═══ Given records ═══
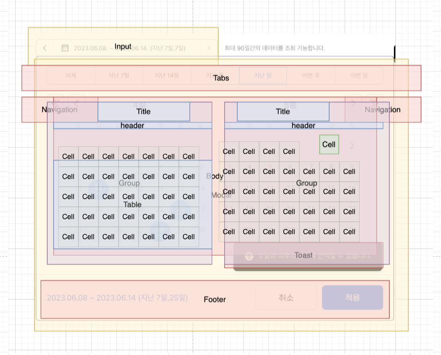 인풋 박스의 변경, 모달 내 헤더에 탭 추가, 달력 타이틀 및 하단 헤더의 변화와 같은 요소들이 추가되었고, 이는 단순한 HTML 추가를 넘어서 다른 엘리먼트와의 복잡한 상호작용을 요구했습니다.
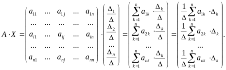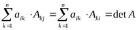 — сумма произведений элементов i-й строки матрицы A на их алгебраические дополнения. Если же Если
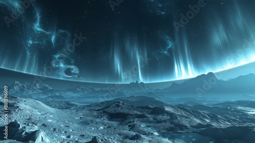 Fototapeta premium A Fantasy Planet with a Glowing Aurora Borealis
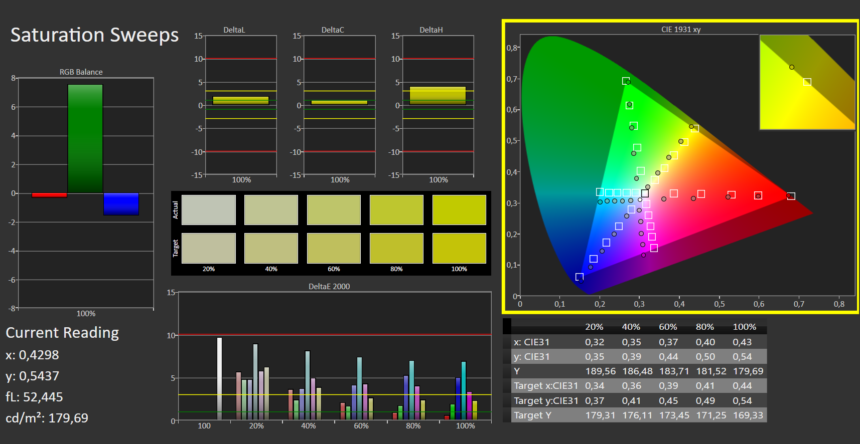 ΔE Greyscale Calman: 6.9 | ∀{0.09-98 Ø5}
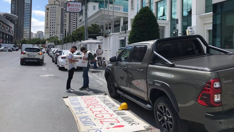 Gasp edilmek istenen hakları için direnişe geçen İnşaat-İş ve DİSK/Dev Yapı-İş, başlattığı direnişi 2’nci gününde Ataşehir’de bulunan Emlak GYO önüne taşıdı.
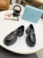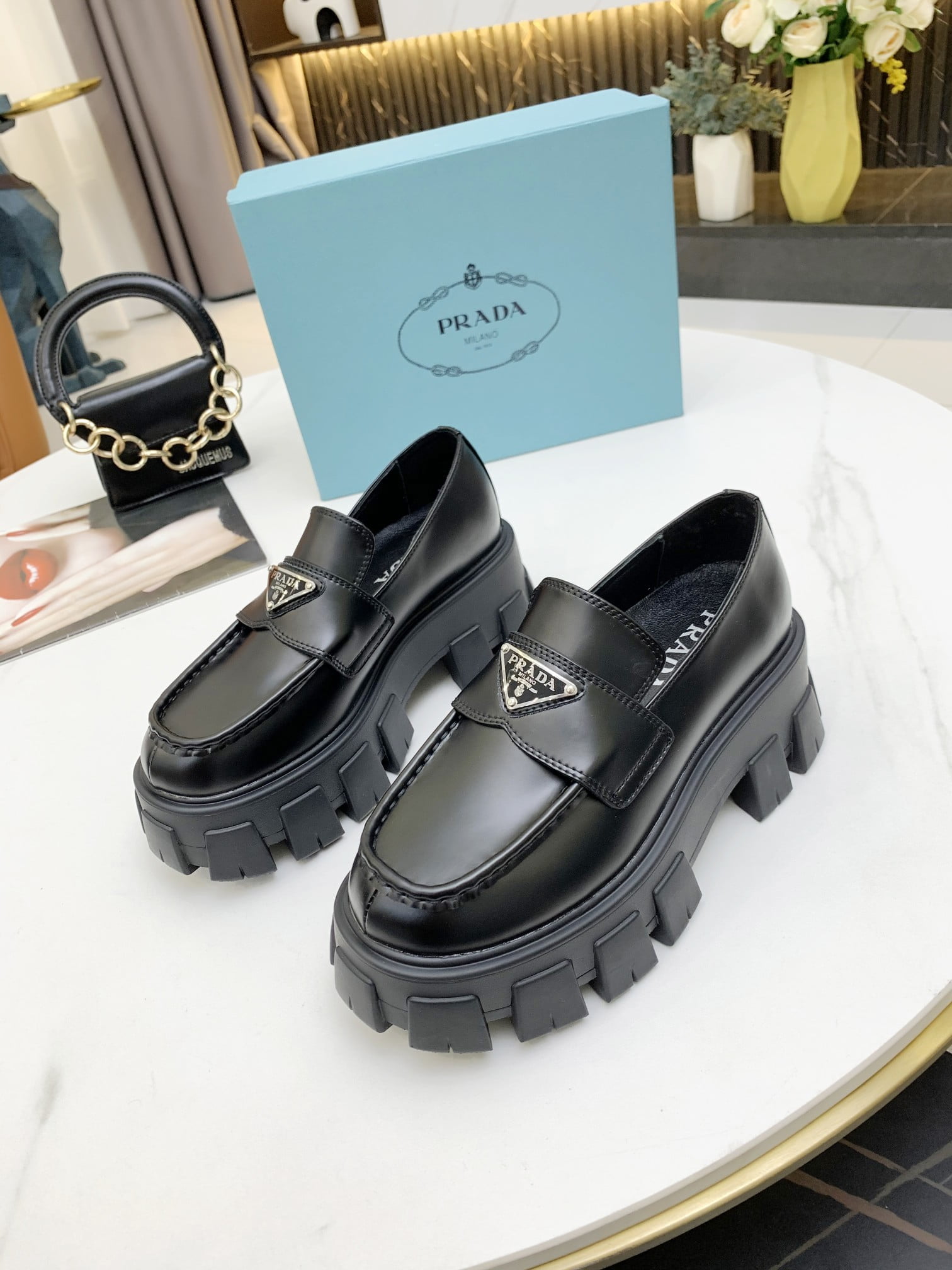 PRADA Spring/Summer 2021 upgraded triangle standard loafer slippers compared to last year’s old loafer shoes, this triangle standard has been changed to silver along the position to increase the gear print design to feel more elegant and fashionable! Thick bottom design on the foot can increase a lot of oh!
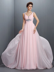 A-Line/Princess Straps Beading Sleeveless Long Chiffon Dresses
═══
# Task item
Your copy should hold exactly the lines from the line bearing "ΔE Greyscale Calman: 6.9" through the end of the data, both included, and no pictures or anything further.

# Answer section
 ΔE Greyscale Calman: 6.9 | ∀{0.09-98 Ø5}
 Gasp edilmek istenen hakları için direnişe geçen İnşaat-İş ve DİSK/Dev Yapı-İş, başlattığı direnişi 2’nci gününde Ataşehir’de bulunan Emlak GYO önüne taşıdı.
 PRADA Spring/Summer 2021 upgraded triangle standard loafer slippers compared to last year’s old loafer shoes, this triangle standard has been changed to silver along the position to increase the gear print design to feel more elegant and fashionable! Thick bottom design on the foot can increase a lot of oh!
 A-Line/Princess Straps Beading Sleeveless Long Chiffon Dresses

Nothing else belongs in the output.